=== Supplied data ===
■ ■ ■ ■ ■

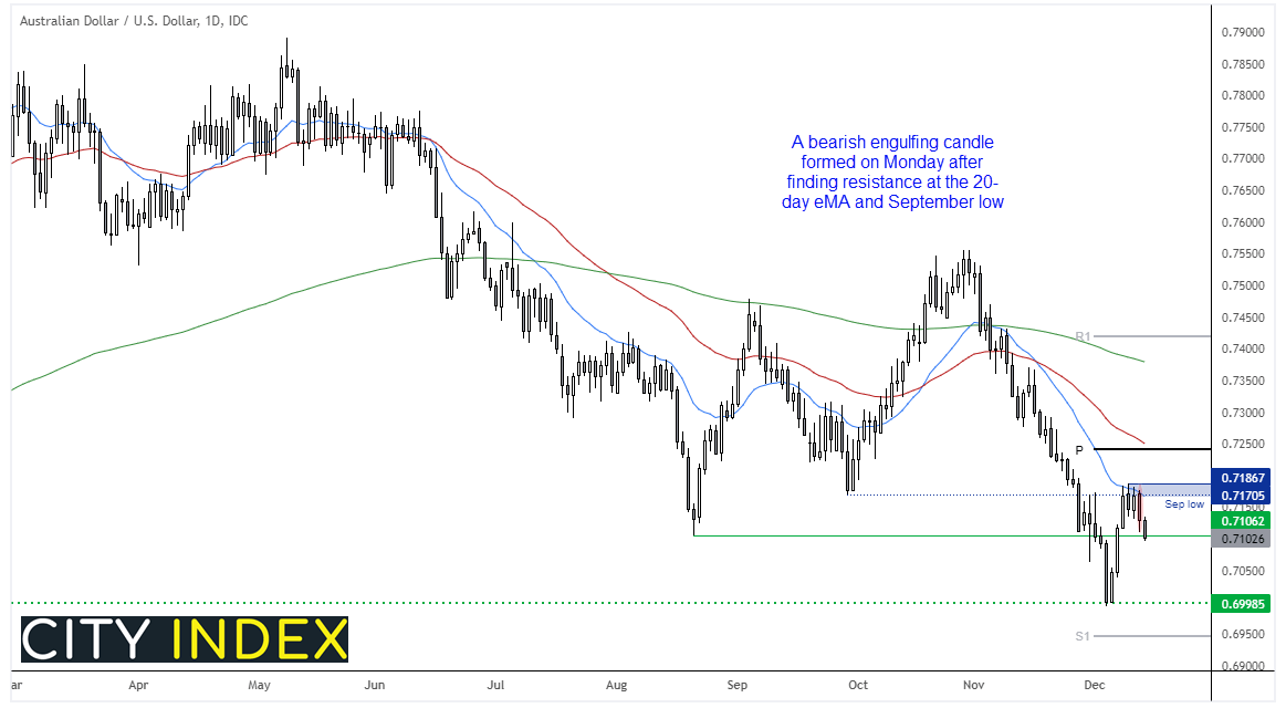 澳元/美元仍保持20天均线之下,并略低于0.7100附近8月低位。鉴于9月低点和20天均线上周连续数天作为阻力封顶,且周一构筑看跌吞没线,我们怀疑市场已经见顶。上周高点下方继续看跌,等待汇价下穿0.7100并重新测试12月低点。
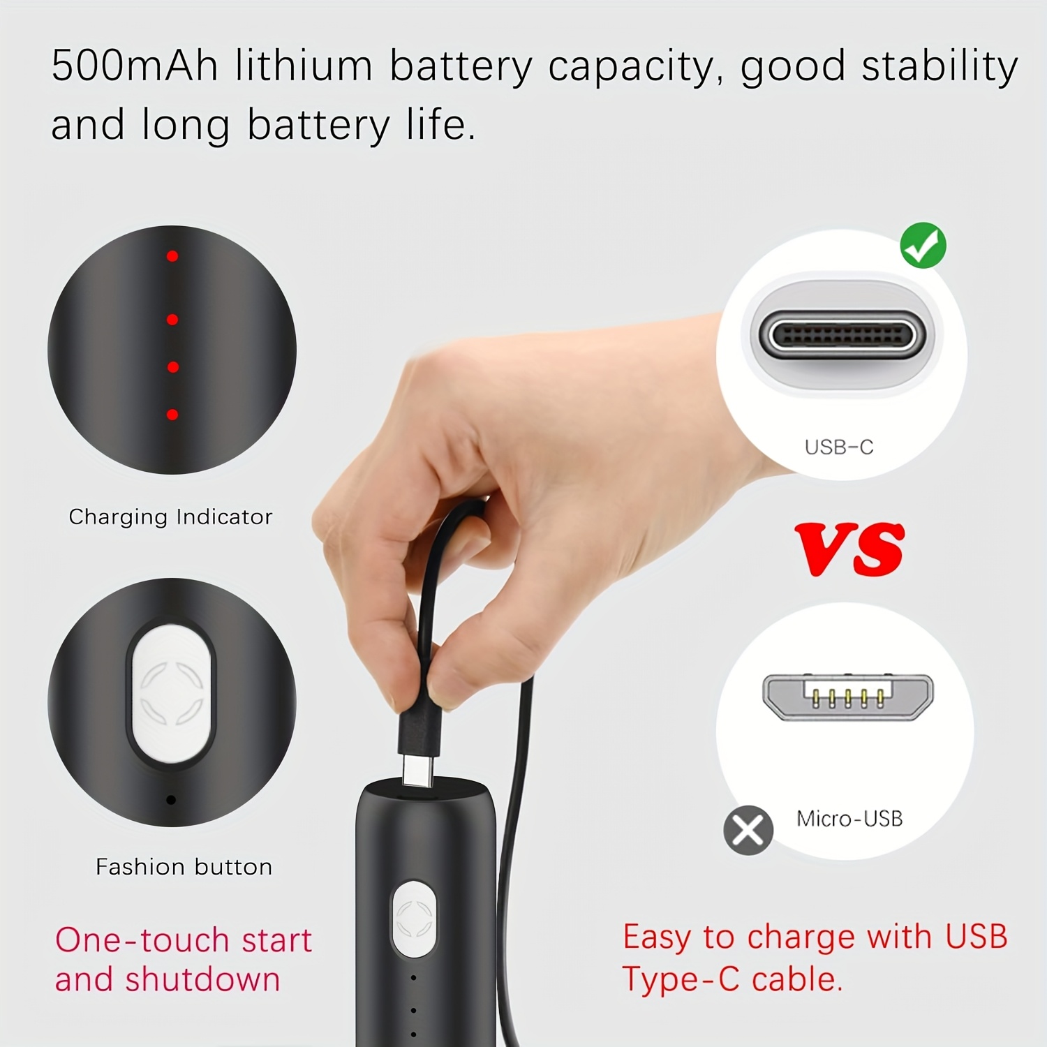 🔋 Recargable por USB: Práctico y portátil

■ ■ ■ ■ ■

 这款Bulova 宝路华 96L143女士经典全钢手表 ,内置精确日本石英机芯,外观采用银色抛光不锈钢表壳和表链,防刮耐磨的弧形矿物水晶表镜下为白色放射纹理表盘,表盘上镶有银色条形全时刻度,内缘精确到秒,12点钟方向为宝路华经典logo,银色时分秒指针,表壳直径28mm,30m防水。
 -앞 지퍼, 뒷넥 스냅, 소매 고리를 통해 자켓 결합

■ ■ ■ ■ ■

=== Problem statement ===
From the data above, retype only the lines starting with the line with "澳元/美元仍保持20天均线之" and going on through the line with "Práctico y portátil", exactly, leaving out the pictures.

=== Problem solution ===
 澳元/美元仍保持20天均线之下,并略低于0.7100附近8月低位。鉴于9月低点和20天均线上周连续数天作为阻力封顶,且周一构筑看跌吞没线,我们怀疑市场已经见顶。上周高点下方继续看跌,等待汇价下穿0.7100并重新测试12月低点。
 🔋 Recargable por USB: Práctico y portátil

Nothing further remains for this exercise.